EU Data Universe

This page documents which EU legislative procedures are included in the openstage dataset, how they are identified, and what is excluded.

Source

All procedure data is collected from the EU Cellar repository, the semantic database operated by the EU Publications Office that stores metadata and content for all EU publications. Cellar exposes a public SPARQL endpoint and an HTTP API for downloading individual resources.

The data model is defined by the Common Data Model (CDM), the EU's formal ontology for describing official documents and legislative decision-making.

What we collect

We collect interinstitutional legislative procedures with a procedure reference code. These are procedures that have been assigned a formal interinstitutional reference number in the format YYYY/NNNN/TYPE (e.g., 2016/0399/COD).

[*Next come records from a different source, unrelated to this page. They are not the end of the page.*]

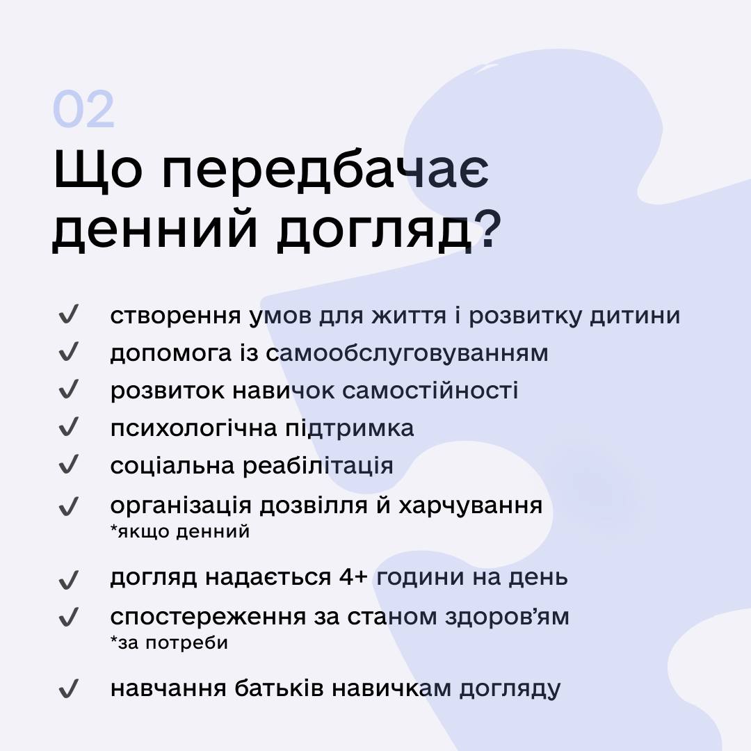 👧 Доглядати дитину з інвалідністю — це щоденна робота, яка потребує сил, знань і простору для відновлення. Іноді сімʼї важко впоратись самотужки — і саме тоді допоміжною може бути послуга денного догляду для дітей з інвалідністю.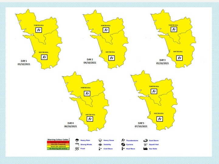 IMD Goa has issued a yellow warning for October 3,4,5,6,7. 2021.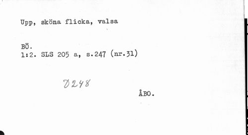 //// Upp, sköna flicka, valsa I //// Bö. I //// 1:2. SLS 205 a, s.247 (nr.3l) I //// I //// ÅBO. [ //// k I ////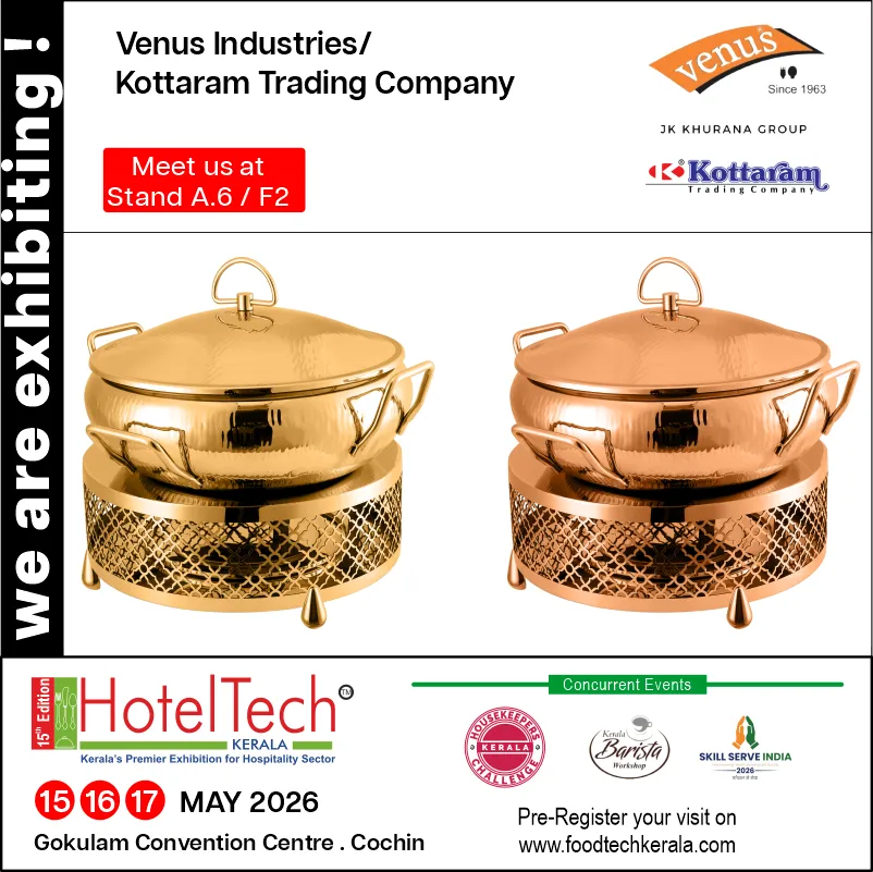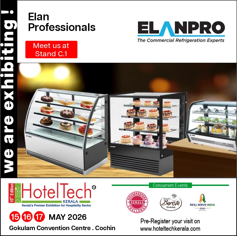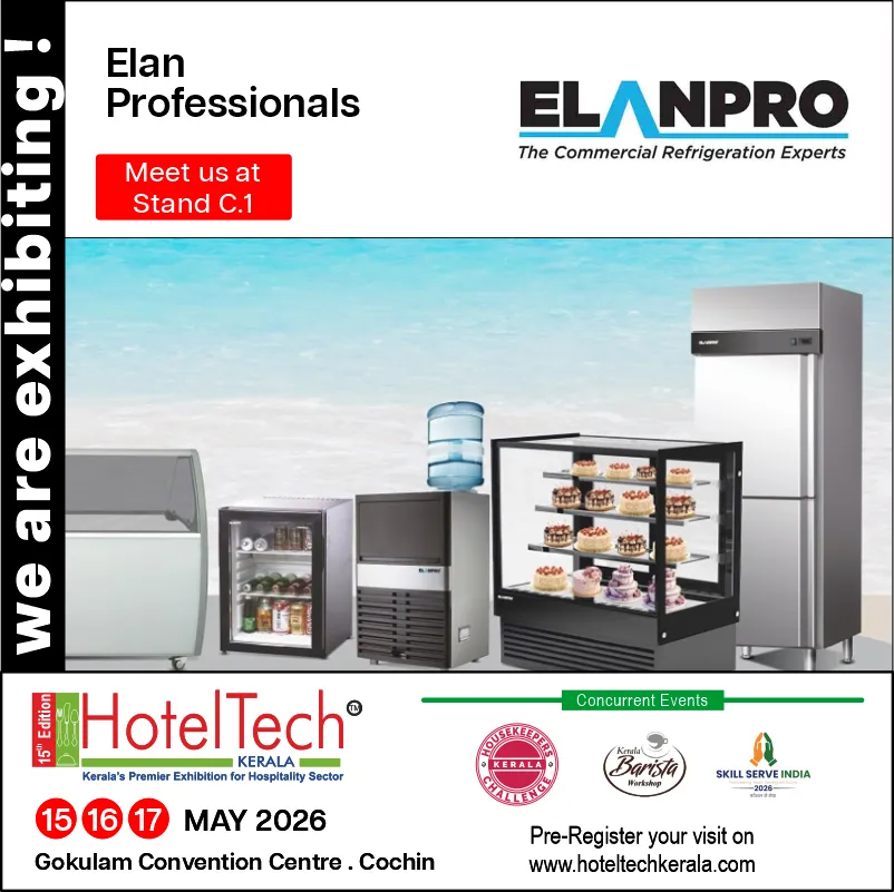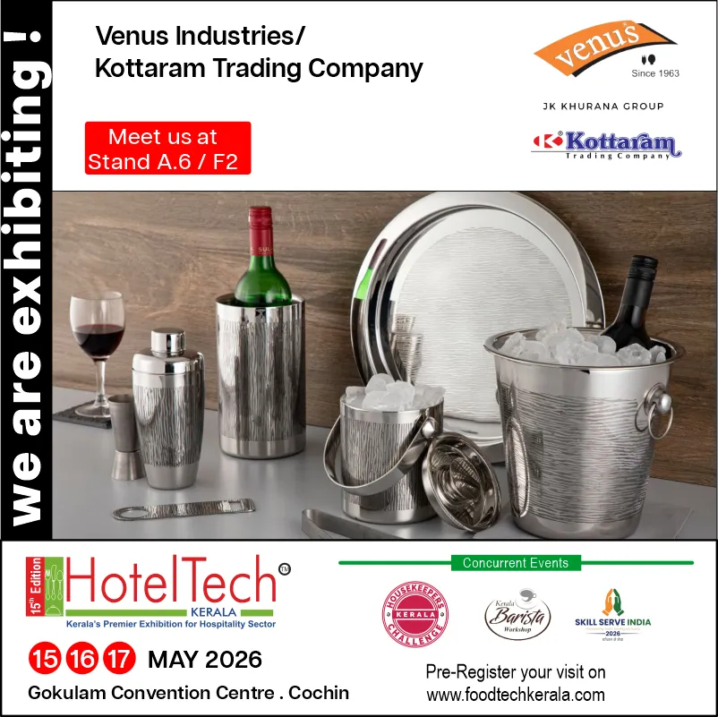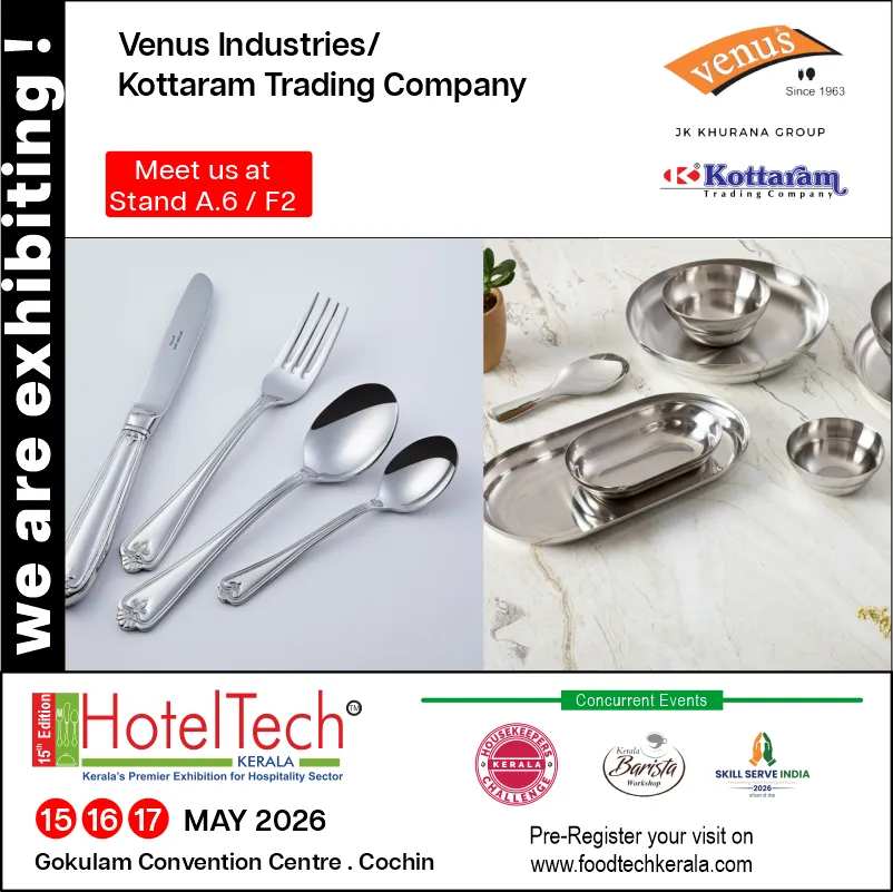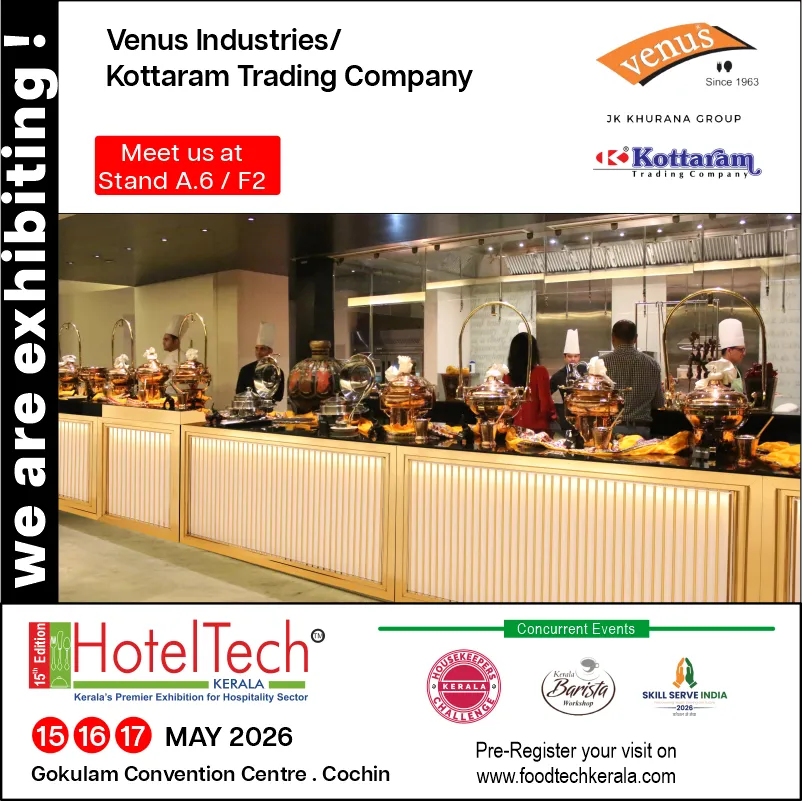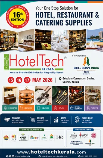 Cochin is again hosting the 16th Edition of Kerala’s Premier Hospitality Expo-HotelTech Kerala 2026 to be held from May 15-17, 2026 at Gokulam Convention Centre, Kaloor, Cochin. The exhibition is supported and endorsed by various associations including Association of Approved & Classified Hotels of Kerala, SICA-Kerala Chapter, Kerala Professional Housekeepers Association, HPMF-Kerala Chapter, Chief Engineers Forum Kerala and Chamber of Vembanad Hotels & Resorts, Kumarakom. Concurrent events being organised are the Skill India, Barista Workshop, Housekeepers Challenge & Wine Tasting Session. The event offers companies to showcase their products and services to the HORECA sector and offers a unique opportunity to penetrate this growing market in Kerala. Exhibitors also get a golden opportunity to meet leading institutional buyers, especially from the Hotels, Resorts, Restaurants & Homestays from all over Kerala on a single platform. The event will be the platform for leading suppliers of products related to the Food & HORECA sector.

In CDM terms, these are instances of cdm:procedure_code_interinstitutional, a subclass of cdm:procedure_interinstitutional.

SPARQL query

The collection step runs a SPARQL query against the Cellar endpoint that retrieves all procedure reference codes. The query:

  1. Selects all resources typed as cdm:procedure_interinstitutional or any of its subclasses
  2. Follows owl:sameAs links to /resource/procedure/ URIs
  3. Extracts the procedure reference from the URI

Only procedures that have such a link are included. This filter naturally excludes the legacy entries described below.

Universe size

As of March 2026, the query returns approximately 12,500 distinct procedure references. This number grows slowly as new procedures are initiated.

What we download

For each procedure reference, we download the RDF/XML tree notice from Cellar:

GET https://publications.europa.eu/resource/procedure/{proc_ref}
Accept: application/rdf+xml;notice=tree

The tree notice format includes the full procedure metadata with inline event data (dates, types, institutions) in a single request. This is the same format used by the openbasement extraction library.

Identification: procedure references

Each procedure is identified by its interinstitutional procedure reference, stored in the format YYYY_NNNN (e.g., 2016_399). This corresponds to the display format YYYY/NNNN/TYPE used on EUR-Lex (e.g., 2016/0399/COD).

We use the procedure reference rather than the Cellar UUID as the primary identifier because:

  • It is human-readable and meaningful (year + sequence number + procedure type)
  • It is stable (once assigned, it never changes)
  • It maps nearly 1:1 to Cellar entries (see edge cases)
  • It is the identifier used by the European Parliament's Legislative Observatory (OEIL) and by EUR-Lex's procedure display pages

The Cellar UUID is stored alongside the procedure reference in the pipeline manifest for cross-referencing.

What is excluded

Legacy PEGASE entries (~30,400 procedures)

The CDM ontology defines a subclass cdm:procedure_without_code_interinstitutional for procedures that do not have a formal interinstitutional reference code. There are approximately 30,400 such entries in Cellar.

These are historical records migrated from the PEGASE database, a pre-digital system used by the EU institutions. They are identified only by internal PEGASE IDs (e.g., pegase:123383), date from the 1980s onward, and many are marked do_not_index. They lack the structured metadata available for modern procedures and are not relevant to the openstage research scope.

These entries are excluded automatically because our SPARQL query filters for /resource/procedure/ links, which only coded procedures have.

Split procedure class (0 instances)

The CDM ontology defines cdm:procedure_interinstitutional-split as a subclass for split procedures, but as of March 2026, no instances of this class exist in Cellar. Procedure splits are instead represented through suffix conventions on the procedure reference (see edge cases).